In March 2007, Transport Canada initiated proposed rulemaking to change the importation laws such that vehicles not originally manufactured to Canadian-market specifications would be eligible for import only once they are 25 years old, rather than the present 15-year cutoff rule. The main impetus behind this proposal is the significant influx of Japanese-market vehicles in Canada in recent years, particularly in Western provinces such as British Columbia due to geographical proximity to Asian ports of departure. BC's public auto insurance administrative body, Insurance Corporation of British Columbia, in 2007 released a report finding that right-hand drive vehicles are involved in 40% more crashes than left-hand drive vehicles in that province.

===New Zealand===
In the 1980s, New Zealand eased import restrictions, and reduced import tariffs on cars. Consequently, large volumes of used cars from Japan appeared on the local market, at a time when most cars in New Zealand were locally assembled, and expensive compared to other countries, with most used cars available being comparatively old.

Local buyers now had a much wider choice of models, but despite specifications being higher than so-called "NZ New" cars, there were many problems with "clocking" or odometer fraud, with the odometer wound back to display a much lower mileage. Other problems include vehicles damaged in accidents in Japan. This is in contrast to those imported from Australia, for which the history of such vehicles, including write-offs, is readily available from insurance companies.

However, the widespread availability of used Japanese imports prompted official importers to reduce the price of brand new cars, and in 1998, New Zealand became one of the few countries in the world to remove all import tariffs on motor vehicles.

Grey market vehicles comprise a majority of cars in the national fleet. These secondhand imports have achieved 'normal' status and are used and serviced without comment throughout society. A huge industry servicing and supplying parts for these vehicles has developed. After years of trying to stop grey imports the car companies themselves have become involved, importing in competition with their own new models and providing owners with spare part and repair services. Russia and many African countries, albeit not South Africa where secondhand car imports are illegal, import large quantities of secondhand vehicles from Japan and Singapore.

Nevertheless, a great many used vehicles are imported, 94.6 percent of which come from Japan, most of which are Japanese makes. Most of the other makes are German, such as Audi, BMW, Mercedes-Benz, Porsche and Volkswagen. There are a smaller number of United States makes such as Chevrolet and Chrysler, which were built in right-hand drive for the Japanese market. Although in heavy decline from 2005, used-vehicle import totals are higher than those of vehicles first registered in New Zealand.

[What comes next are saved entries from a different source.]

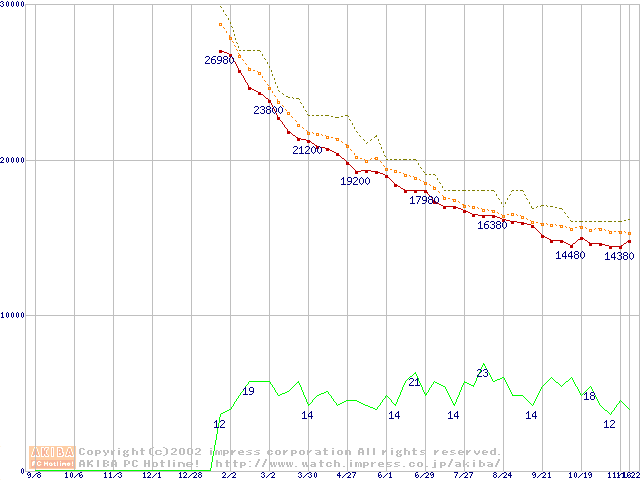 MKシリーズ (9.5mm,4200rpm,2MB,FDB,20GB/Platter)の最安値推移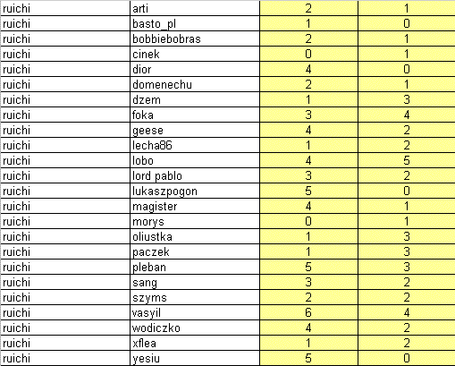 Przypominam, że jeśli chociaż jeden gracz z danej drużyny nie rozegra swoich gier , to obaj zostaną ukarani zakazem gier w następnych organizowanych cupach. Tak więc proponuje się zmobilizować. Rozegrane mecze nie będą miały większego wpływu na końcową tabele poza pojedynkiem Diora z Sangiem. Dior może awansować swój zespół na pozycje 5tą kosztem Grupy Trzymającej Władze. Bez względu na wszystko z turniejem żegnają się Sang i Vasyil czyli zespół Świętej Wojny.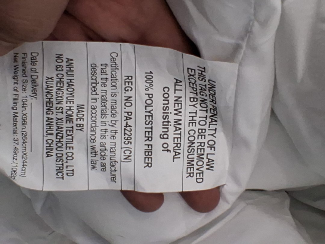 Duvet has some light dirt and dust showing it being previously used, but easily washable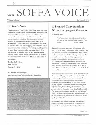 Collection: Your SOFFA Voice Institution: Louise Lawrence Transgender Archive Creator: Burchell, Jodi Date: Dec. 1, 1998 Topics: Acceptance, Allies, Coming out, FtMs, LGBTQ+ poetry, Parents of transgender people, Partners of transgender people, Support groups, Transgender community, Transitioning (Gender) Subject: American Boyz, Our Trans Children, Parents, Families and Friends of Lesbians and Gays (PFLAG), Sandra Cole, Southern Comfort Conference, Transgender Special Outreach Network (TSON), True Spirit Conference -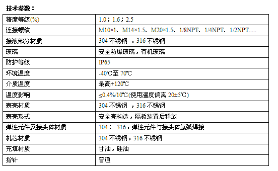 购买压力表提供压力表技术参数如下: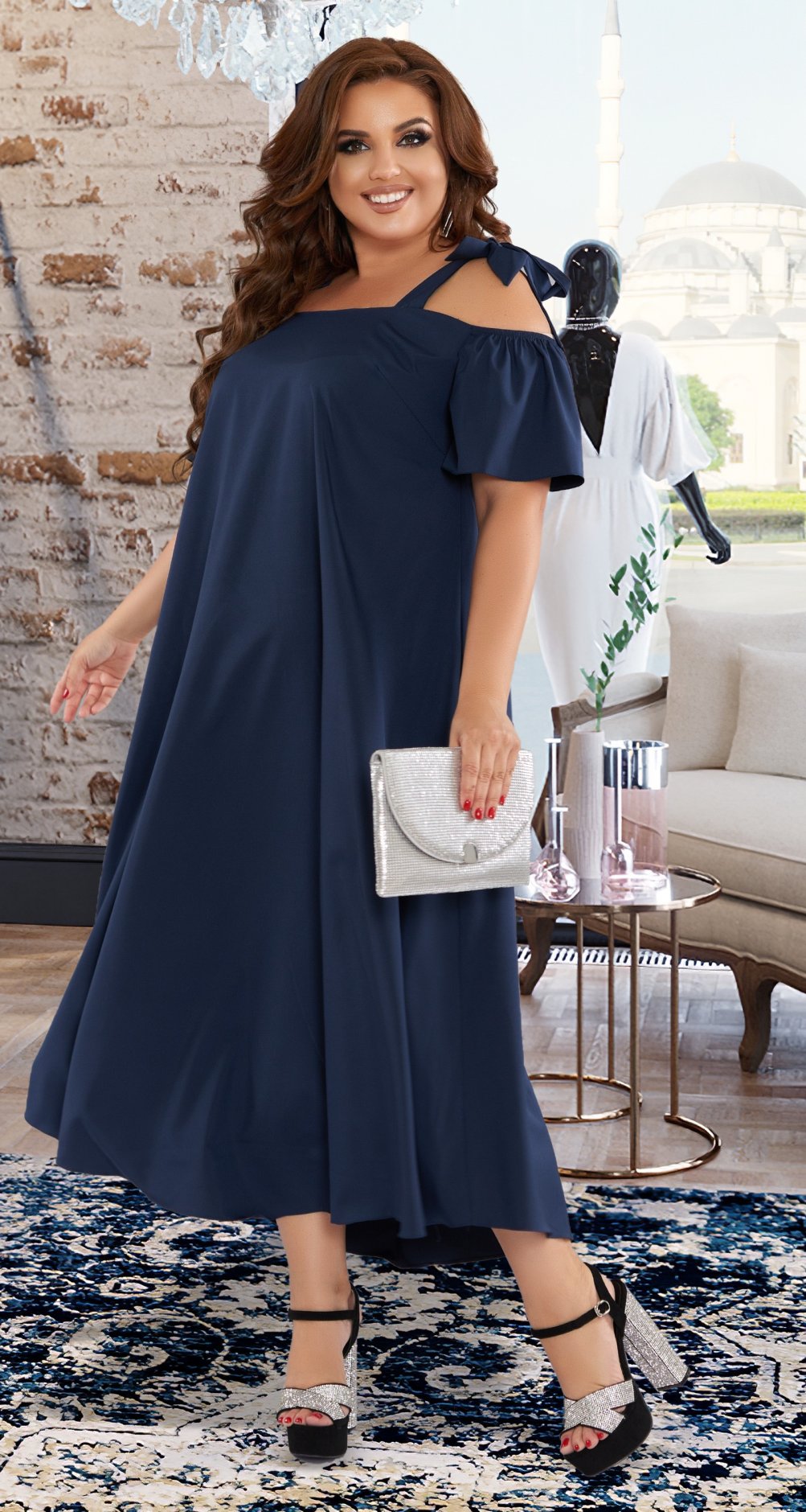 Каталог - Платья - Платья больших размеров - Расклешенный сарафан с завязками большого размера

In 2006, 123,390 ex-overseas vehicles were registered, compared to 76,804 brand new vehicles.

Used vehicles must, with some exceptions, be right-hand drive, and they must comply with recognised European, Australian, Japanese, or American emission and safety standards, or they are ineligible for import to New Zealand.

In some cases a left-hand drive vehicle can be imported into New Zealand if it meets certain conditions or is a specialized vehicle. Left-hand drive vehicles 20 years or older normally do not have to meet any special requirements but must weigh no more than 3500 kg.

===Ireland===
Japanese used car importing has been quite common in Ireland since the 1980s. The imported cars are cheaper than local used cars due to the very low value of used cars in Japan (and to an extent, used products in general), and a much larger range of specifications are available on Japanese models compared to the very limited ranges sold locally – even in comparison to the UK, model ranges of Japanese cars can be very limited – mostly due to the high vehicle-registration tax and other taxes imposed on new cars sold in Ireland.

For example, the Toyota Corollas sold in the late 1980s up until the late 1990s (E90 and E100 series) were only available in Ireland in one specification level, with few features and only the base 1.3 litre petrol and diesel engines. In Japan, however, 1.5 and 1.6 litre engines were also available, with around six different trim levels, options such as sunroofs, central locking and electric windows available on many specs as early as 1989, ABS and driver airbags optional since 1991, four-wheel drive, and performance GT models. Very basic saloons and diesel-engined models with automatic transmissions also appealed to taxi drivers.

In more recent years, Japanese imports have become less common with typical family cars, probably due to the great change in the Irish economy over the past 20 years – people generally have larger incomes now, and sales in new cars have soared. Imports from Japan has become more of a specialty market now – importing of sports models not originally available in Europe such as the Mitsubishi FTO, Toyota Corolla Levin/Toyota Sprinter Trueno, Toyota Starlet Glanza and Honda Integra has become quite popular, and sports cars like the Nissan Skyline GT-R, Toyota Supra and Mazda RX-7 are more easily available as imports. Also, small commercial kei car models such as the Daihatsu Midget II and Nissan S-Cargo are used by some businesses as advertising aids, as they are quite distinctive and eye-catching on the roads in Ireland.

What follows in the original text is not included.